[WHAT IS NEEDED] Pictures do not belong in the copy. Output exactly the lines from the one containing "韓國職棒 >> ⭐韓棒" to the end of the listing below.

*** Opening SOURCE DATA ***

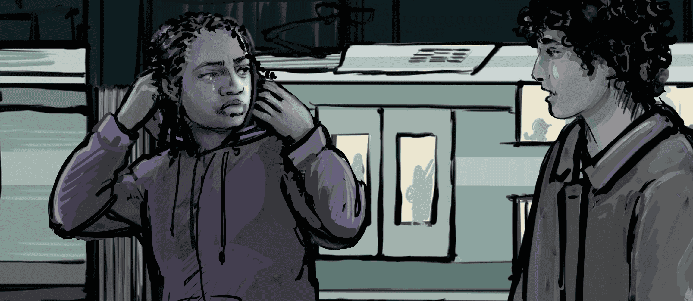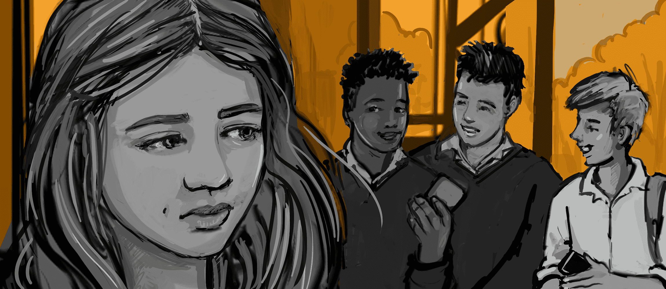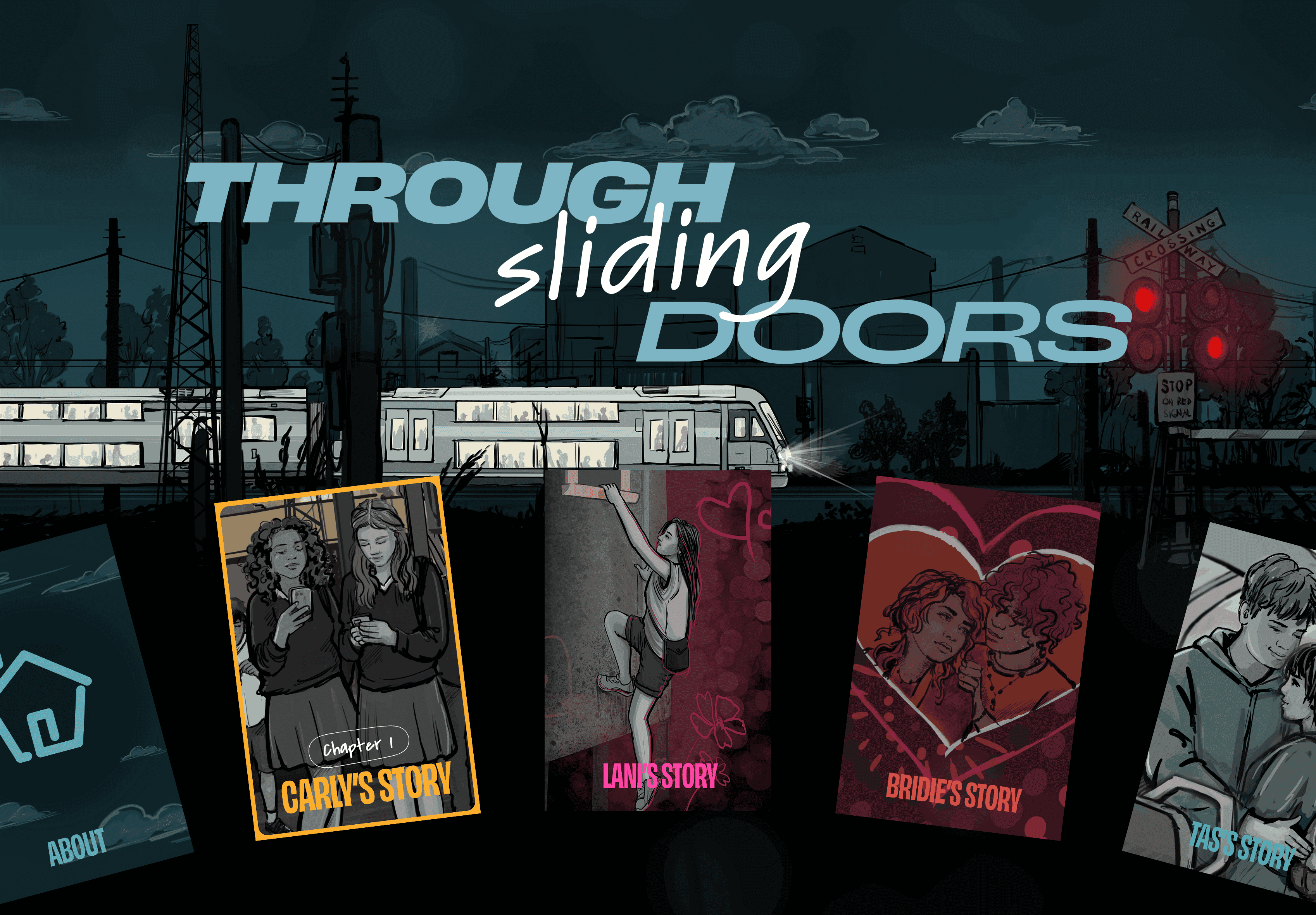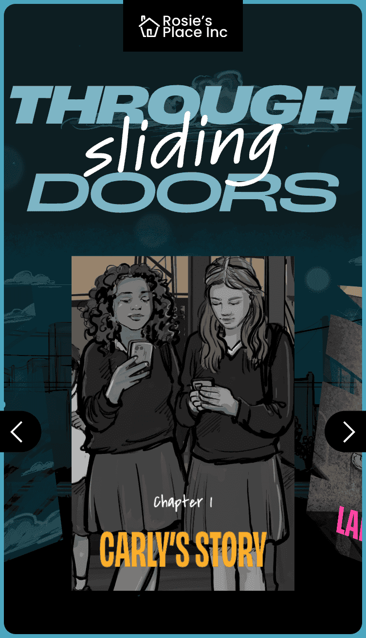 Through Sliding Doors is an interactive comic exploring the experiences of young people navigating exploitation, peer pressure, online harm, and the search for safety.
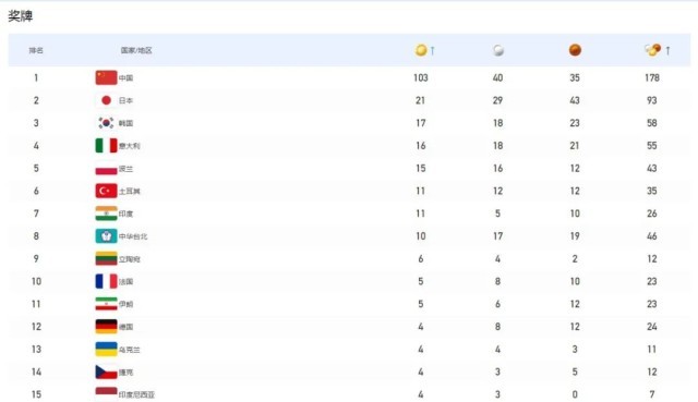 最終,中國代表團(tuán)以103枚金牌、40枚銀牌、35枚銅牌,總計178枚獎牌的成績,位列金牌榜和獎牌榜雙第一。
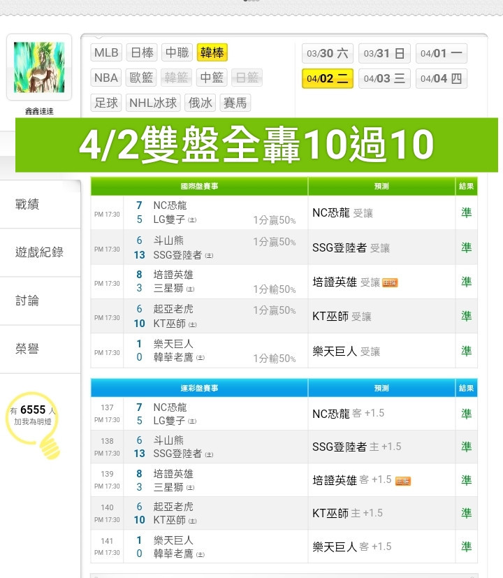 韓國職棒 >> ⭐韓棒 【運彩讓分連贏5天14過13】信心主推99%貓場10倍注,一注幫你翻綠~⭐
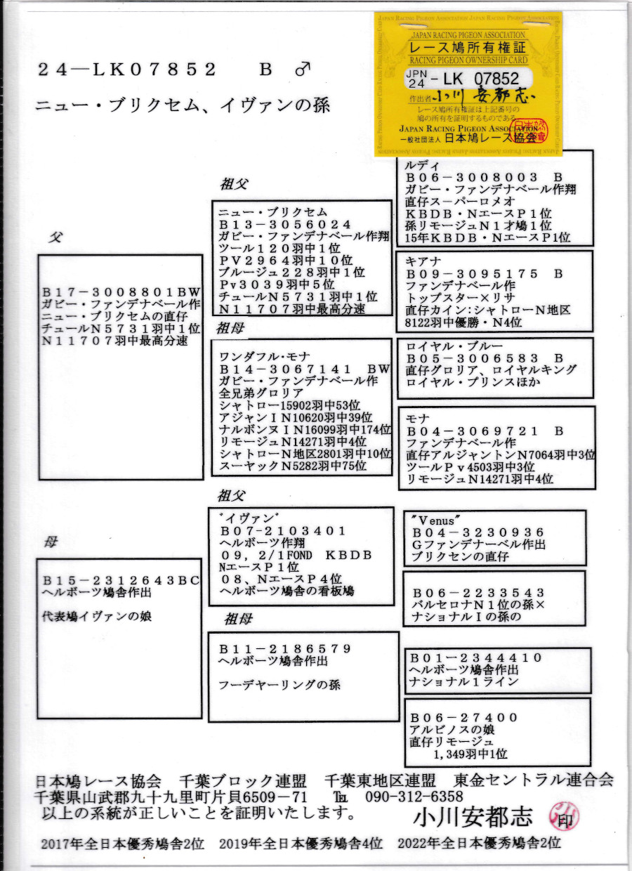 出品鳩成4番「24LK07852 B♂」小川安都志作カビー作代表鳩ニュー・ブリクセン号直仔×ヘルボッツ作イヴァン号KBDBNエースP4位FOND-KBDBNエースP1位の娘 ![]() |
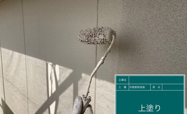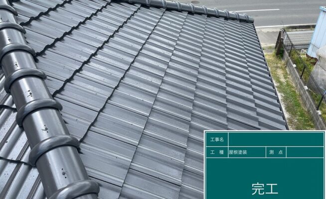 ご相談 屋根は塗膜がなく、クラックが数ヵ所あった工事内容 1.足場設置 2.高圧洗浄 3.養生 4.クラック補修(屋根・外壁) 5.屋根塗装(3回塗り) 6.外壁塗装工事(3回塗り) 7.雨樋等付帯工事 8.納屋の屋根塗装(3回塗り) 9.足場解体
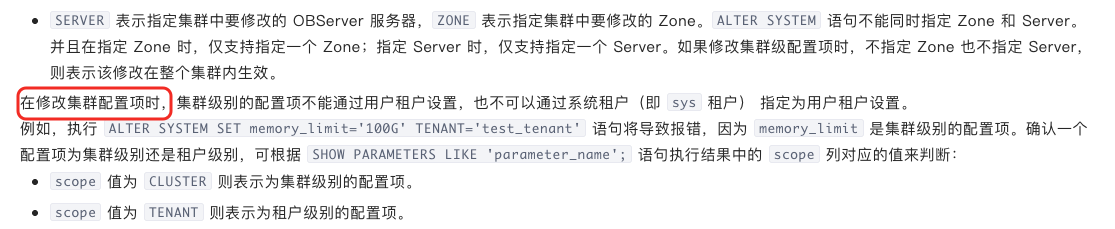 在修改集群配置项时,集群级别的配置项不能通过用户租户设置,也不可以通过系统租户(即
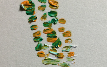 ナイフの先端に絵の具を付けて画面に押しつける塗り方です。
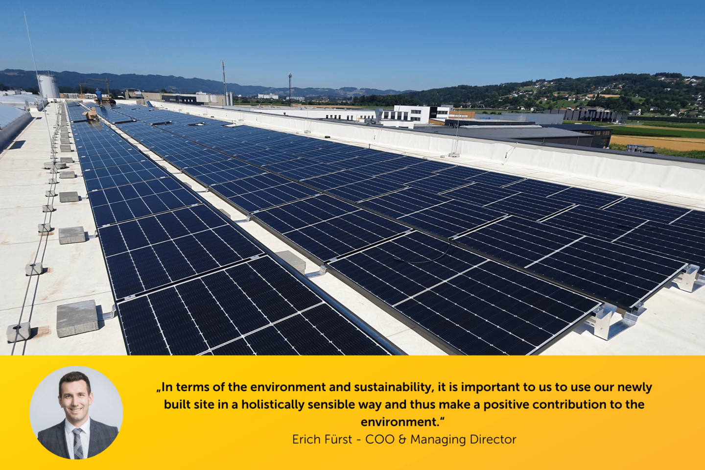 An important step in this process was the installation of a photovoltaic system on the roof of our Plant II in Feldkirchen an der Donau. With 600 modules on a roof area of approximately 2,000 square meters, we generate 261,000 kWh of energy annually, avoiding around 120,000 kg of CO₂ emissions.

*** Closing SOURCE DATA ***

[RESULT OF THIS TASK]
 韓國職棒 >> ⭐韓棒 【運彩讓分連贏5天14過13】信心主推99%貓場10倍注,一注幫你翻綠~⭐
 出品鳩成4番「24LK07852 B♂」小川安都志作カビー作代表鳩ニュー・ブリクセン号直仔×ヘルボッツ作イヴァン号KBDBNエースP4位FOND-KBDBNエースP1位の娘 ![]() |
 ご相談 屋根は塗膜がなく、クラックが数ヵ所あった工事内容 1.足場設置 2.高圧洗浄 3.養生 4.クラック補修(屋根・外壁) 5.屋根塗装(3回塗り) 6.外壁塗装工事(3回塗り) 7.雨樋等付帯工事 8.納屋の屋根塗装(3回塗り) 9.足場解体
 在修改集群配置项时,集群级别的配置项不能通过用户租户设置,也不可以通过系统租户(即
 ナイフの先端に絵の具を付けて画面に押しつける塗り方です。
 An important step in this process was the installation of a photovoltaic system on the roof of our Plant II in Feldkirchen an der Donau. With 600 modules on a roof area of approximately 2,000 square meters, we generate 261,000 kWh of energy annually, avoiding around 120,000 kg of CO₂ emissions.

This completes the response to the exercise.